• _What is expected_
From the first line of the material to the line containing "Schutzengel auf Pralinenherz", inclusive, write out each line exactly, leaving out the pictures.

• _Dataset section_
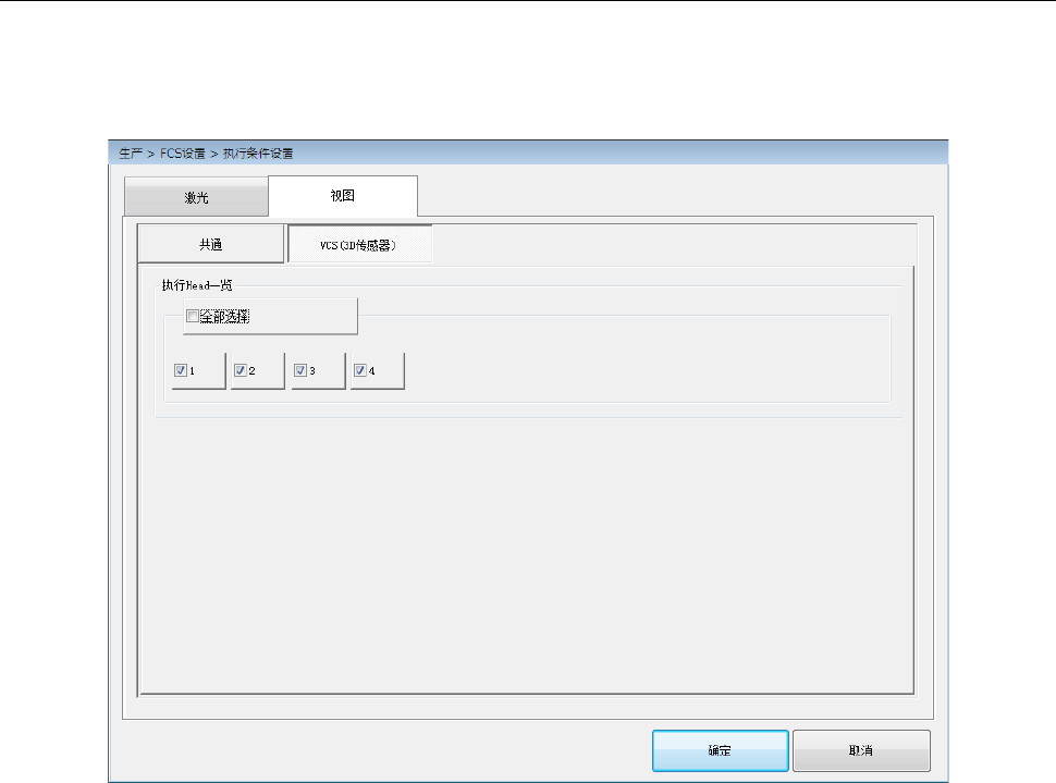 FCS 使用说明书 2-7 2-1-3-2-2 VCS ( 3D 传感器 ) 页面 指定 执行 3D 传 感器 FCS 的 H ead 。 对勾选 Head ,执行 使用 3D 传感器的 视图生产 。 图 2-6 FCS 设置 ( 视图 VCS ( 3D 传感器 ) ) 画面
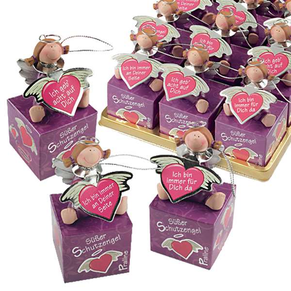 Schutzengel auf Pralinenherz Box Goldenem einwickler&Schleife Textkärtchen mit S
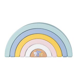 Deze Woezel en Pip regenboog uit de baby collectie is een aanwinst voor je baby of kinderkamer. Mooi als decoratie maar ook erg leuk om mee te spelen! De regenboog bestaat uit 6 houten delen die op en in elkaar passen, in de zachte kleuren blauw, roze, grijs wit en okergeel. Op het kleinste onderdeel is een fraaie print van Woezel, Pip en Buurpoes aangebracht. Met de halfronde vormen kan je kindje spelen met evenwicht en allerlei creaties maken door zijn of haar fantasie te gebruiken. Wat denk je van een treintunnel, een huisje voor kleine poppetjes of bergen voor autootjes? De mogelijkheden zijn eindeloos! Wordt geleverd in full-colour doos. Geschikt voor kinderen vanaf 18 maanden.

• _Answer_
 FCS 使用说明书 2-7 2-1-3-2-2 VCS ( 3D 传感器 ) 页面 指定 执行 3D 传 感器 FCS 的 H ead 。 对勾选 Head ,执行 使用 3D 传感器的 视图生产 。 图 2-6 FCS 设置 ( 视图 VCS ( 3D 传感器 ) ) 画面
 Schutzengel auf Pralinenherz Box Goldenem einwickler&Schleife Textkärtchen mit S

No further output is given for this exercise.